## What needs to be done
In the material below, find the line with "A while back" and the line with "液壓風扇驅動可以為發動機在任意轉速下提供最大的風扇轉速,降低了功率消耗。", then output both and every line between them exactly, omitting pictures.

## Data provided
———

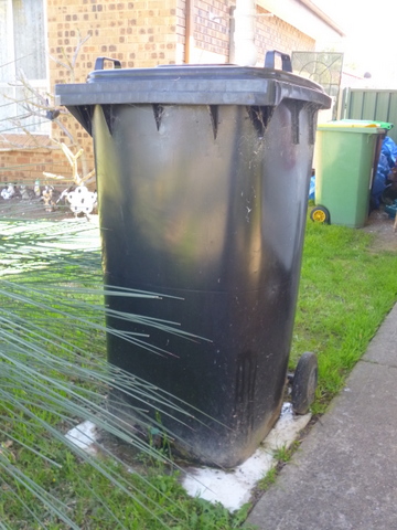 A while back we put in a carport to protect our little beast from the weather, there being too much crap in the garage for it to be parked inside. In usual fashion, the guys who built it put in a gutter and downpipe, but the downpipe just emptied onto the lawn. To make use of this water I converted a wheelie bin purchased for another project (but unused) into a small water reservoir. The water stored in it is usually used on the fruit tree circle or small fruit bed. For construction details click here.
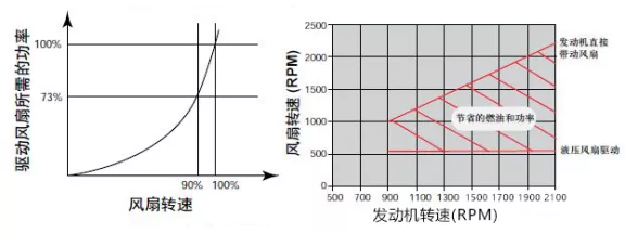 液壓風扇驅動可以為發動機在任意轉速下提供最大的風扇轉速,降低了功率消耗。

———

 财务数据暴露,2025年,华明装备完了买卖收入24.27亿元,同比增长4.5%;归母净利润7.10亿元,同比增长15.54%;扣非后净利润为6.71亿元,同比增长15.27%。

———

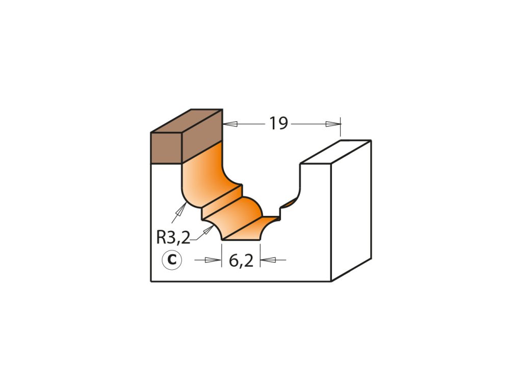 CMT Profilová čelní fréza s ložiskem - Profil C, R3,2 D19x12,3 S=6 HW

———

## Task result
 A while back we put in a carport to protect our little beast from the weather, there being too much crap in the garage for it to be parked inside. In usual fashion, the guys who built it put in a gutter and downpipe, but the downpipe just emptied onto the lawn. To make use of this water I converted a wheelie bin purchased for another project (but unused) into a small water reservoir. The water stored in it is usually used on the fruit tree circle or small fruit bed. For construction details click here.
 液壓風扇驅動可以為發動機在任意轉速下提供最大的風扇轉速,降低了功率消耗。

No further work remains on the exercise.